Encouraging young people to consider a career in science is the motive behind a new set of awards established by the University of Toronto Scarborough.

Chemistry professor André Simpson of the department of physical and environmental sciences recently founded the Outstanding High School Student Science Awards Program, which recognizes outstanding high school students in the sciences. The prizes will be presented to four local high school students on Thursday, October 29 at 12 noon in a ceremony at Rex’s Den, (formerly Bluffs restaurant), in the Student Centre.The program is supported in part by the Ontario government, the University of Toronto at Scarborough and private industry, and is in its inaugural year.

“Science is an exciting and stimulating career and we want young people to be aware of the opportunities that are available to them,” said Simpson, director of the Environmental NMR Centre on campus. “These awards recognize outstanding high school students who demonstrate a passion for science and an interest in research.”
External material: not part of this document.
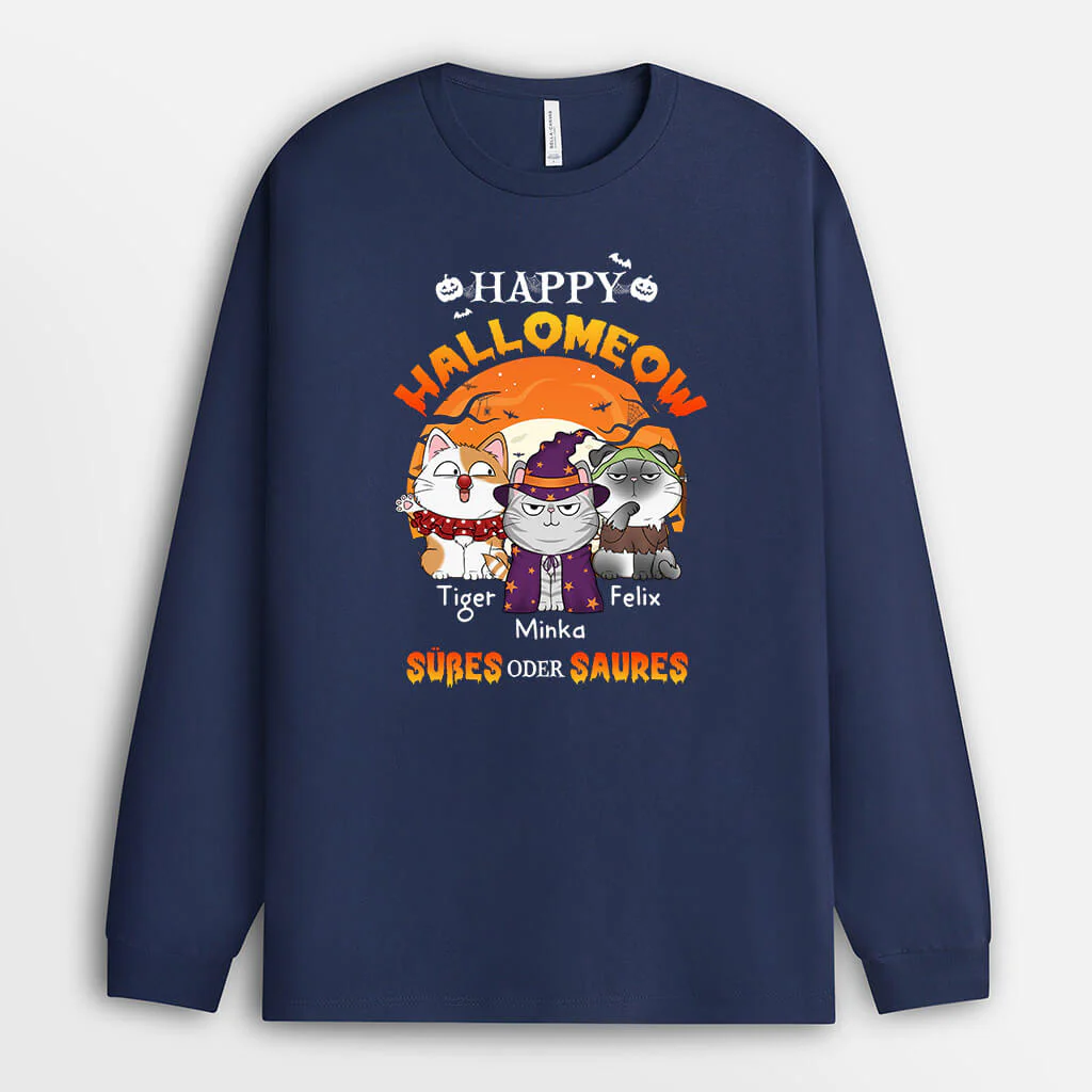 Personalisiertes Happy Halloween Süßes oder Saures Katzen Langarmshirt

The four winners will be announced at the ceremony. Also on hand for the presentations will be: Professor Franco Vaccarino, vice-president and principal of UTSC,  Professor Donald Cormack, chair of the department of physical and environmental sciences, and scientist Dr. Rajeev Kumar, representing Bruker BioSpin, a science equipment manufacturing company.

“This opportunity also provides students with an award early in their careers that will make them more competitive at a national level, as well as giving them a chance to be immersed in a university research environment,” Simpson said. “It also strengthens the ties between U of T Scarborough, local high schools and the private sector.” He hopes to expand the awards base in future years to include and recognize students from across Ontario.
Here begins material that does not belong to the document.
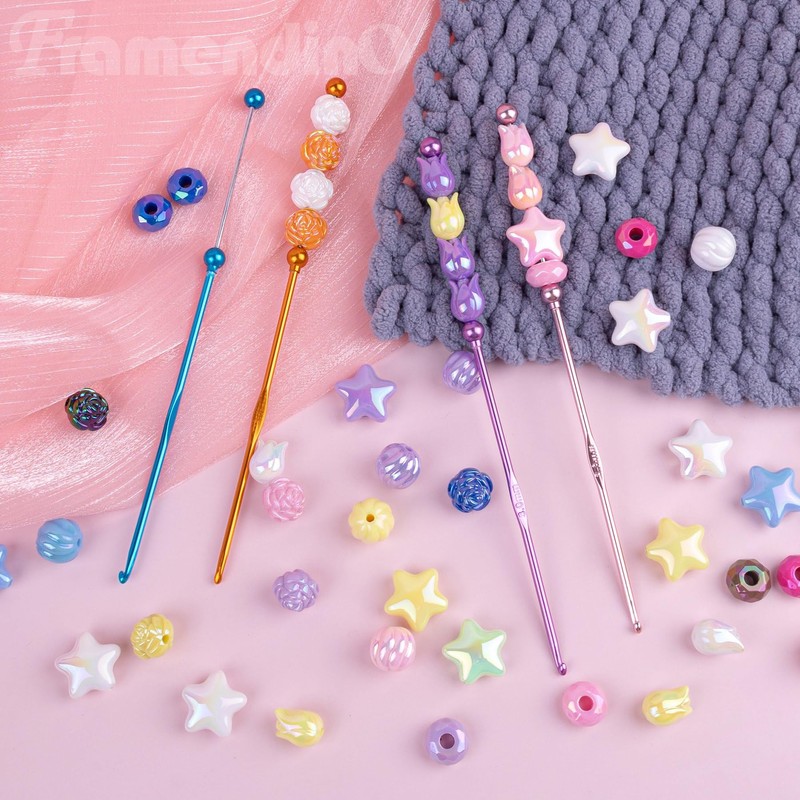 - Design: Beadable metal crochet hooks set with Beaded rod design, you can DIY crafts

Each recipient is to receive an engraved plaque and $250. The students will also spend the day at U of T Scarborough, where they will pair up with graduate students, tour the campus, do a lab experiment, and attend a first-year physics lecture led by Dr. Salam Tawfiq.

The science awards were established this past spring with the aim of exposing the best high school students to a research and development environment and conveying excitement and enthusiasm for research to students at an early age. The awards are financially supported by the University of Toronto, the Ontario government, and Bruker BioSpin Ltd.